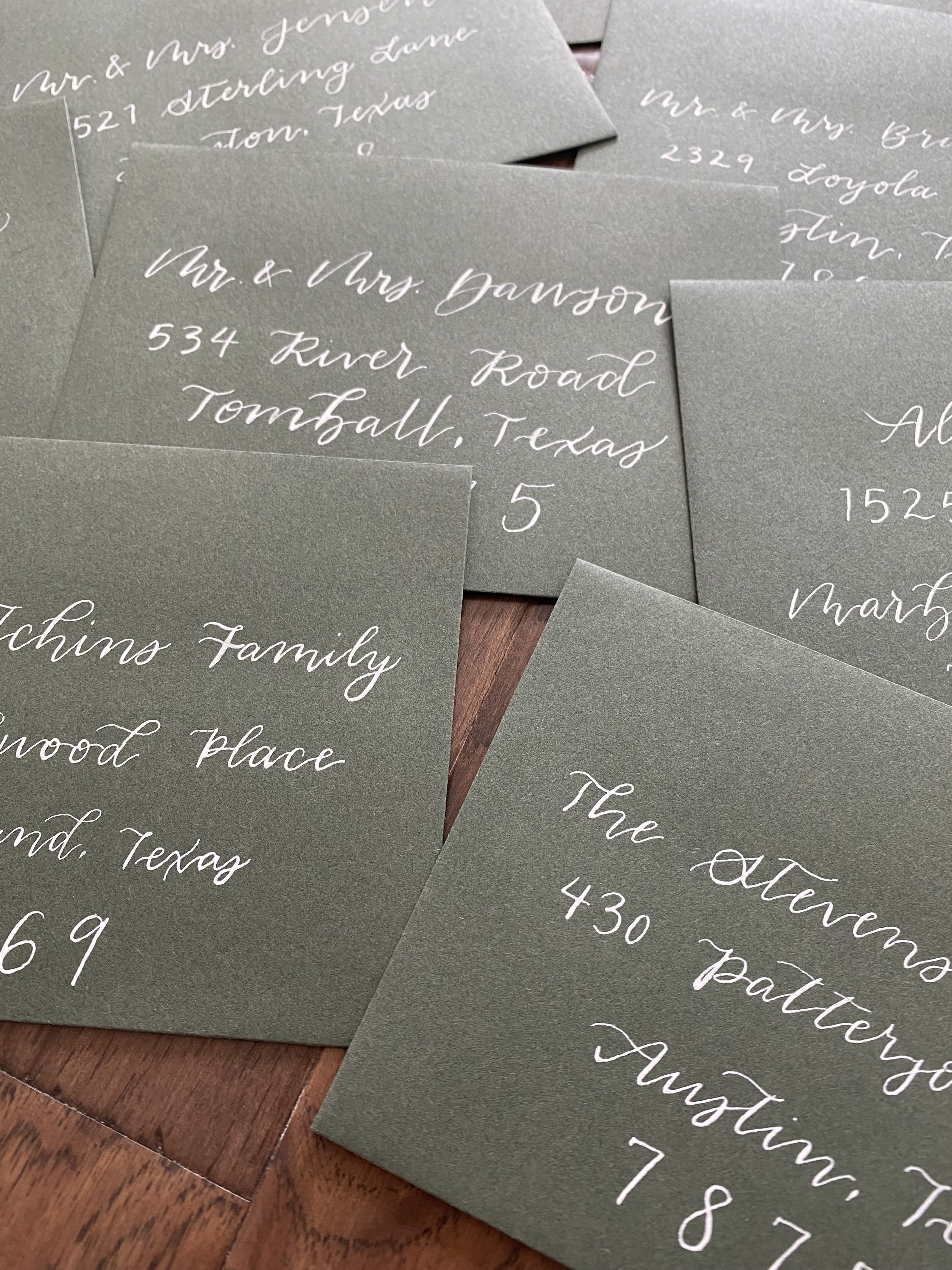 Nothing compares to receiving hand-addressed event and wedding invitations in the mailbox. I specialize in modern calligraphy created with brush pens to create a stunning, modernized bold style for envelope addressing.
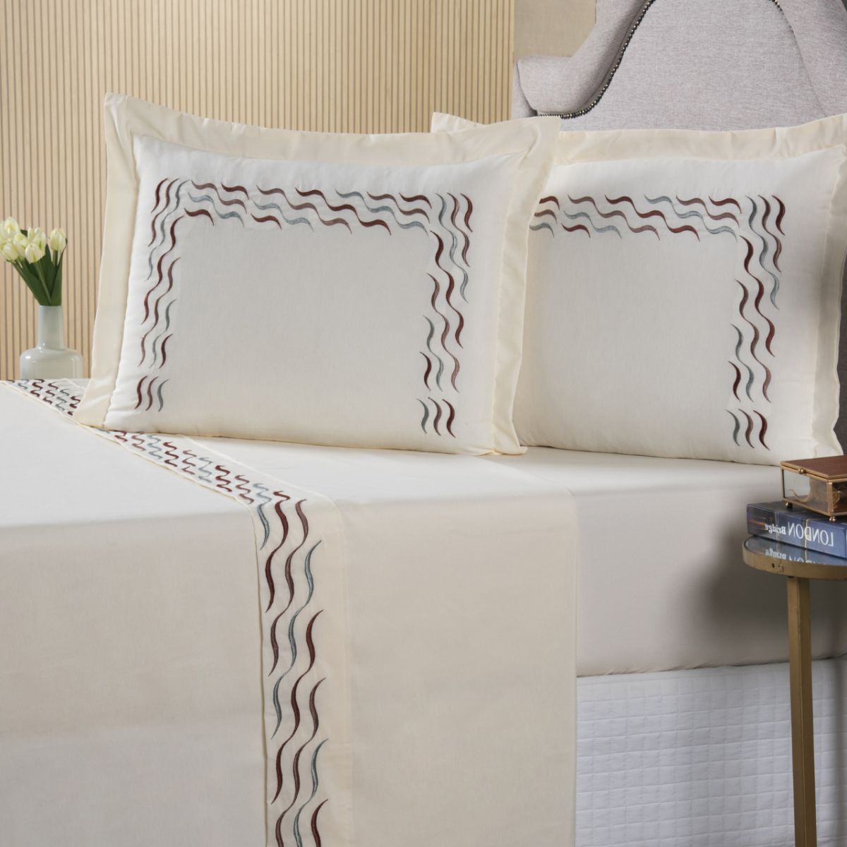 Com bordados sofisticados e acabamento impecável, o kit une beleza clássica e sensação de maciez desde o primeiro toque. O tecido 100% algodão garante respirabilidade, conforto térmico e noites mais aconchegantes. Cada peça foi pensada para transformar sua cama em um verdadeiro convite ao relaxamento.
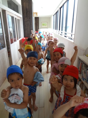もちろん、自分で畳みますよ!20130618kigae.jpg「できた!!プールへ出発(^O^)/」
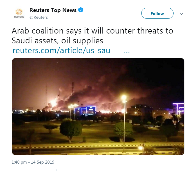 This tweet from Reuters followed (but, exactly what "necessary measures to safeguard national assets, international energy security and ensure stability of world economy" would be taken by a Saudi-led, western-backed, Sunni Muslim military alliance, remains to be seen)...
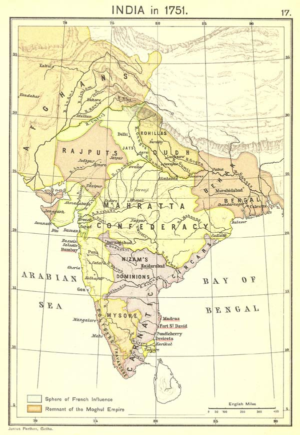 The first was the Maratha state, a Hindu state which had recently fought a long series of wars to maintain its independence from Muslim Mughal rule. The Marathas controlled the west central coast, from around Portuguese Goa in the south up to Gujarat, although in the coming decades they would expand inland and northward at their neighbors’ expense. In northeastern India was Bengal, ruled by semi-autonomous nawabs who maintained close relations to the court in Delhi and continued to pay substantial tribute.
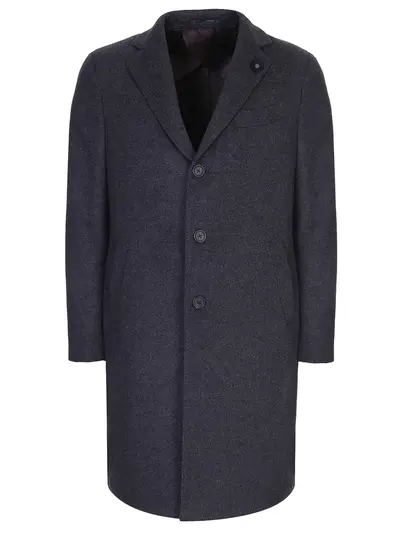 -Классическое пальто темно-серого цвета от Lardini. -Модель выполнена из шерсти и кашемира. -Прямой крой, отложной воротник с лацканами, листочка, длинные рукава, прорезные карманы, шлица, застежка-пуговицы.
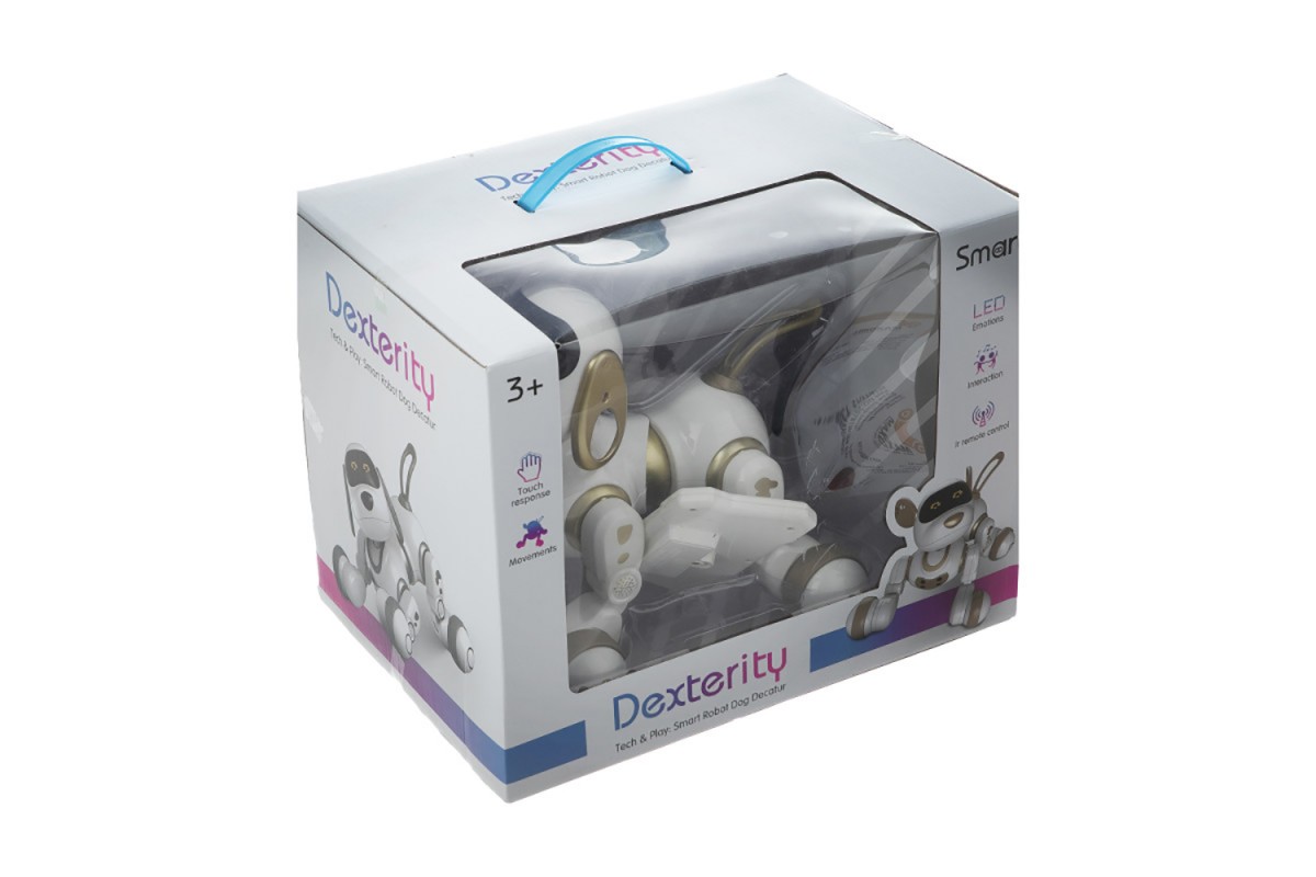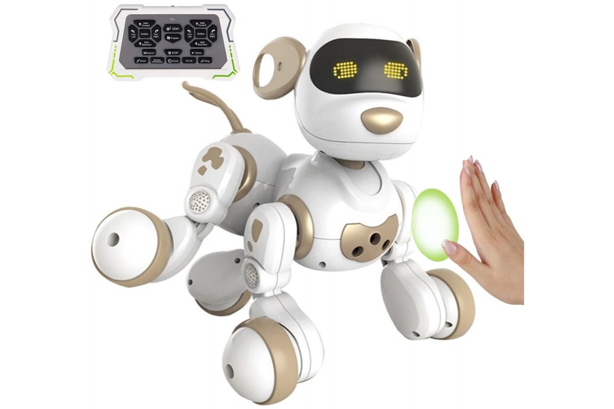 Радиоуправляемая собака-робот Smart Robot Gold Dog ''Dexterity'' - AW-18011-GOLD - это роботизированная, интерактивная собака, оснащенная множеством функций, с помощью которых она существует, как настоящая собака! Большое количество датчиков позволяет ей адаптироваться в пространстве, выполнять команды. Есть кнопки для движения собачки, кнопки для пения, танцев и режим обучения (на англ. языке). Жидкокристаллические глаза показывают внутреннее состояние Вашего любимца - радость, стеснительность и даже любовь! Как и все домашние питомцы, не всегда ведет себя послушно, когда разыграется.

Assigned task:
The lines to copy begin with the one containing "-Классическое пальто темно-серого" and end with the last line of the entries above; copy them exactly, minus the pictures.

Task answer:
 -Классическое пальто темно-серого цвета от Lardini. -Модель выполнена из шерсти и кашемира. -Прямой крой, отложной воротник с лацканами, листочка, длинные рукава, прорезные карманы, шлица, застежка-пуговицы.
 Радиоуправляемая собака-робот Smart Robot Gold Dog ''Dexterity'' - AW-18011-GOLD - это роботизированная, интерактивная собака, оснащенная множеством функций, с помощью которых она существует, как настоящая собака! Большое количество датчиков позволяет ей адаптироваться в пространстве, выполнять команды. Есть кнопки для движения собачки, кнопки для пения, танцев и режим обучения (на англ. языке). Жидкокристаллические глаза показывают внутреннее состояние Вашего любимца - радость, стеснительность и даже любовь! Как и все домашние питомцы, не всегда ведет себя послушно, когда разыграется.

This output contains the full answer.